WHERE子句中的MySQL RAND()匹配一小组行

[英]MySQL RAND() in WHERE clause matches a small set of rows

i get into an interesting issue with MySQL. 我遇到一个与MySQL有关的有趣问题。 When i try to multiply RAND() function with some big integer, i get max random number really small. 当我尝试将RAND()函数与某个大整数相乘时,我得到的最大随机数确实很小。 Here is my MySQL query, that should be a very fast random query, but it returns ID max 36000, even when there are 4600000+ IDs. 这是我的MySQL查询,应该是一个非常快速的随机查询,但是即使有4600000+个ID,它也会返回最大ID 36000。

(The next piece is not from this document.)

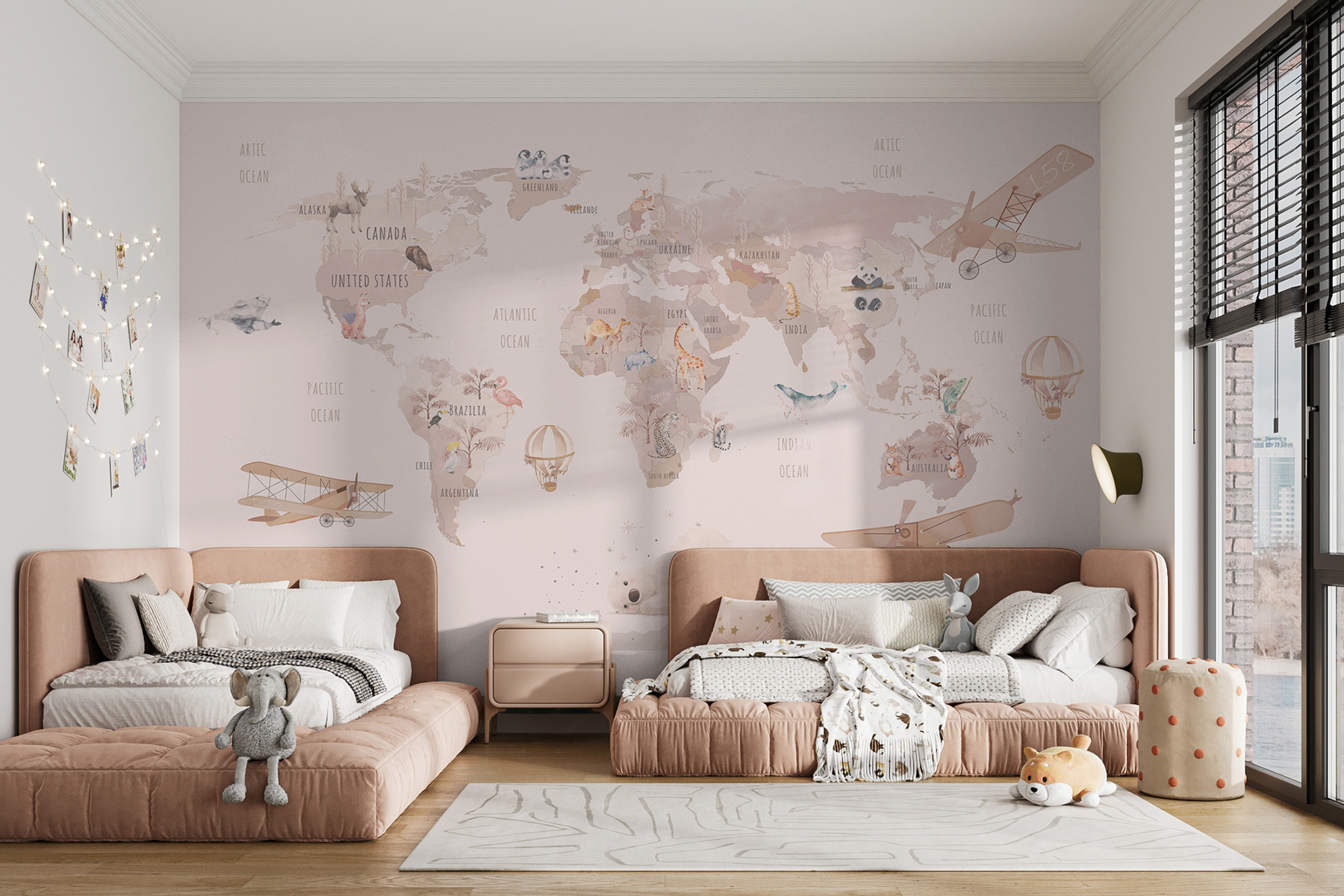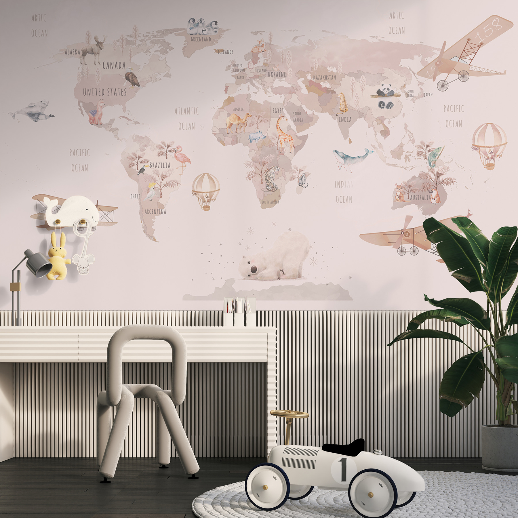 Μεταμορφώστε οποιοδήποτε δωμάτιο σε ένα ιδιόρρυθμο ταξίδι στον κόσμο με αυτή την απολαυστική τοιχογραφία “Χάρτης του κόσμου”. Είναι σαν ένα ερωτικό γράμμα στην περιπέτεια, με μαγευτικές απεικονίσεις ζώων και παιχνιδιάρικα αεροσκάφη, που κεντρίζουν αμέσως την περιέργεια και τη λαχτάρα για περιπλάνηση. Φανταστείτε τα μικρά παιδιά να επισημαίνουν τις αγαπημένες τους χώρες ή να ονειρεύονται εξωτικές χώρες, ενώ περιβάλλονται από αυτά τα γοητευτικά σχέδια. Με απαλά χρώματα και παιχνιδιάρικα στοιχεία, μετατρέπει τους τοίχους σε έναν καμβά φαντασίας – ιδανικό για παιδικά δωμάτια ή παιδότοπους. Αυτή η τοιχογραφία δεν διακοσμεί απλώς- προσκαλεί σε ιστορίες και όνειρα. Ας ξεκινήσουμε λοιπόν την εξερεύνηση!

SET @maxID=(SELECT MAX(id) FROM property); #it's about 4600000

SELECT * FROM property
WHERE 
downloaded_at IS NULL
AND id >= FLOOR(1 + RAND() * @maxID) #this returns max +/-36000
LIMIT 100

When i move this code into plain SELECT query, everything is fine 当我将此代码移入普通SELECT查询时,一切都很好

SELECT FLOOR(1 + RAND() * (SELECT MAX(id) FROM property))

Could someone please explain, why this error occurs? 有人可以解释一下,为什么会发生此错误吗? Thank you! 谢谢!

edits 编辑


Hm, somehow when i remove downloaded_at IS NULL it comes to sences, ID's are higher, but results are not that random anymore. 嗯,不知何故,当我删除downloaded_at IS NULL时,ID更高,但是结果不再是随机的了。

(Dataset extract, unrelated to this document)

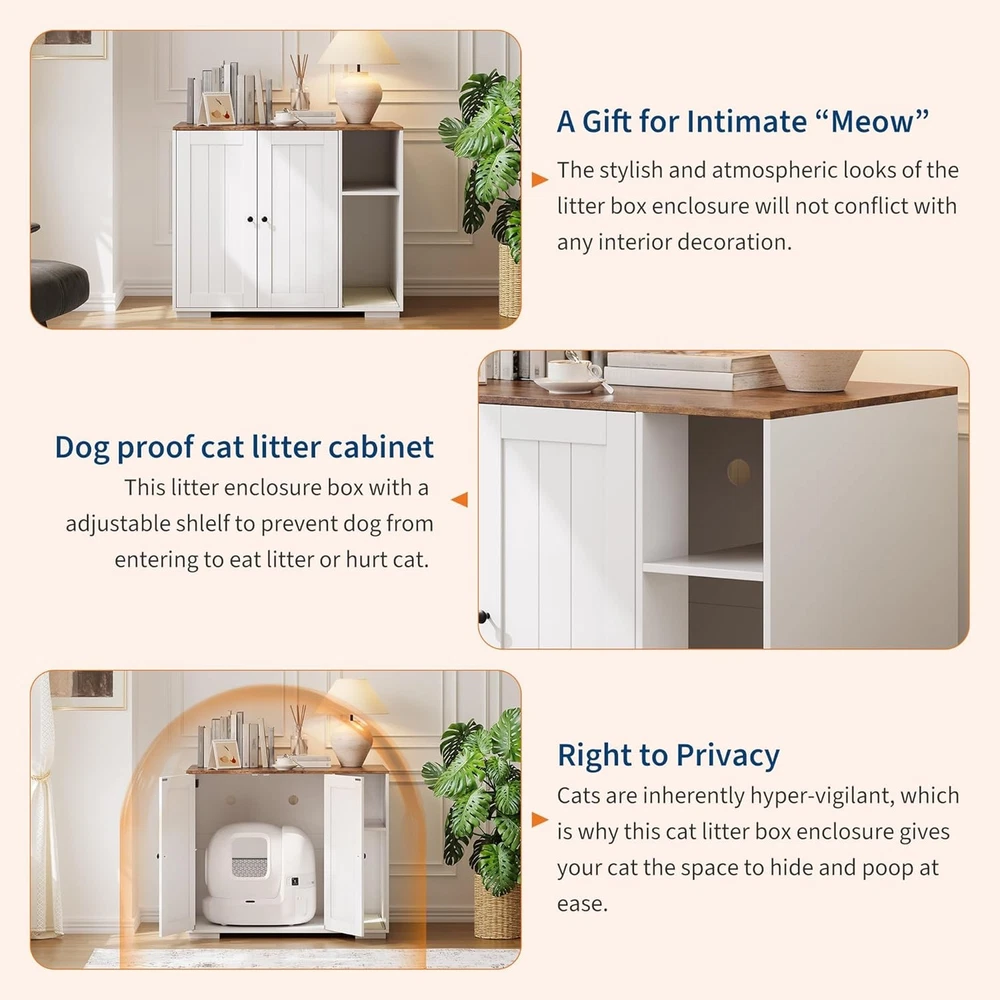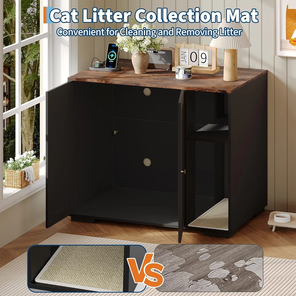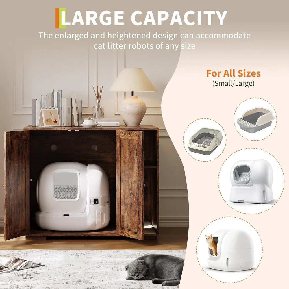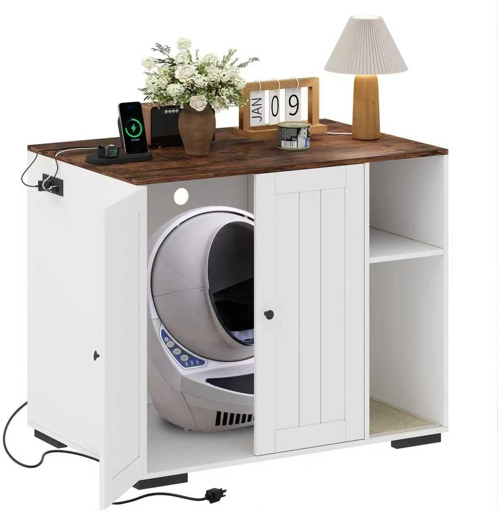 Specifications: Mounting Type:Floor Mount Included Components:instruction manual Power Cord Length:4.9 ft Features: Litter Furniture for Litter Robot 3/4: With interior size of 27.75 in L x 24.8 in W x 30.3 in H, our litter robot enclosure is designed for automatic litter boxes like the Litter Robot 3/4 (up to 30 in high), fits most standard and automatic litter boxes and perfectly hidden litter machine. Built-in Charging Station: Equipped with 2 AC outlets and 2 USB ports, this front entry cat litter box furniture makes it easy to power up your phone or pet gadgets. Enjoy convenience and a clutter-free space with this decorative litter box cabinet. Dog-Proof Shelf Design: Worried about your dog accidentally entering the litter box? Our Litter Robot cabinet features built-in shelves to effectively keep your dog out and provide a safe and private space for your cat. It also serves as a storage rack for cat food and other supplies. Removable Litter Mat and Excellent Ventilation: The removable litter mat at the entrance effectively prevents litter from spilling when your cat enters and exits, keeping your floor clean. To create an odor-free home environment, we've drilled multiple holes in the back for increased breathability and ventilation. Stylish and Elegant: The Litter Robot enclosure features a sleek and elegant finish. Blends in perfectly with your home decor while cleverly concealing the litter box. Payment Delivery Returns Feedback We accept Payoneer only. All major credit cards are accepted through secure payment processor PayPal. Payment must be received within 7 business days of auction closing. If you have bought multiple items from me, you can send me one payment for all the items instead of paying for them individually. When you click the Pay Now button, eBay will automatically determine if there are other items you have won or purchased from me and will combine them for your review. NOTE: Import duties, taxes and chargers are not included in the item price or shipping charges. These charges are the buyer's responsibility. Please check with your country's customs office to determine what these additional costs will be prior to bidding buying. 1. We will delivery out at the handing time when we receive the payment. 2. The delivery time is 3-5 business days to US by usually time.The parcel maybe delay 1-2day of the weekend.Due to the bad weather,Holidays,Hot Season ect.the parcel maybe delay,If you have any problems,mssage us,we will try our best to solve it. 3. We ship to your eBay address. Please make sure your eBay address is correct before you pay. 4. If you want to change the shipping address,message us before our send out. 5. We cannot deliver your order if your state is PR. 1. If you donot receive the items at the delivery time,the parcel has broken/missing,Please message us before you open case/return,we will try our best to solve it. 2. We offer a 30 day return policy from checkout winning date. 3. An RMA number is required for all returns. Message us for return instructions. Items Returned without a RMA number will not be processed. 4. Items defective upon receipt must be packaged in their retail packaging as if new and returned with a detailed description of the problem. 5. Return shipping fees are not refundable.We reserve the right to decline any returns if the above guidelines are not followed. If you are not satisfied with the item for any reason, please do not quick to leave negative/neutral feedback even open request and case without any communication with us. We devote ourselves making EVERY CUSTOMER in 100% Satisfactory and resolve any problem. Thank you for your understanding and recognition,we are always leave positive feedback to all our customers. About Reply: All replies will be sent to your email box, if you do not get response within 24 hours (Sat. & Sun. excluded) please check your eBay My Messages in case that our emails will be filtered automatically by your settings.

I can't use ORDER BY RAND(), because table is too big, query is too slow and whole server crashes eventually in few minutes 我不能使用ORDER BY RAND(),因为表太大,查询太慢并且最终几分钟后整个服务器都会崩溃


version is 5.7.21-0ubuntu0.16.04.1 版本是5.7.21-0ubuntu0.16.04.1

Your random row selection method is biased ... the probabilty of a row being seleted is proportional to its id. 您的随机行选择方法有偏见 ...被选中的行的概率与其ID成正比。 Eg if you had 10 rows with id = 1 to 10 then 1 has 10% chance of being selected, 2 has 20% and so on. 例如,如果您有10行ID = 1到10,则选择1的机会为10%,选择2的机会为20%,依此类推。

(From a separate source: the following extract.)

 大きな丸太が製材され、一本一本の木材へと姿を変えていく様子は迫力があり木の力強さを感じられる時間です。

Also, the reason why your code selects ids less than ~36000 is obvious: rows are (usually) processed in PK order and by the time 100th matching row is found, the query has only processed row with id of around 36000. 同样,您的代码选择id小于36000的原因很明显:(通常)以PK顺序处理行,并且在找到第100个匹配行时,查询仅处理了id约为36000的行。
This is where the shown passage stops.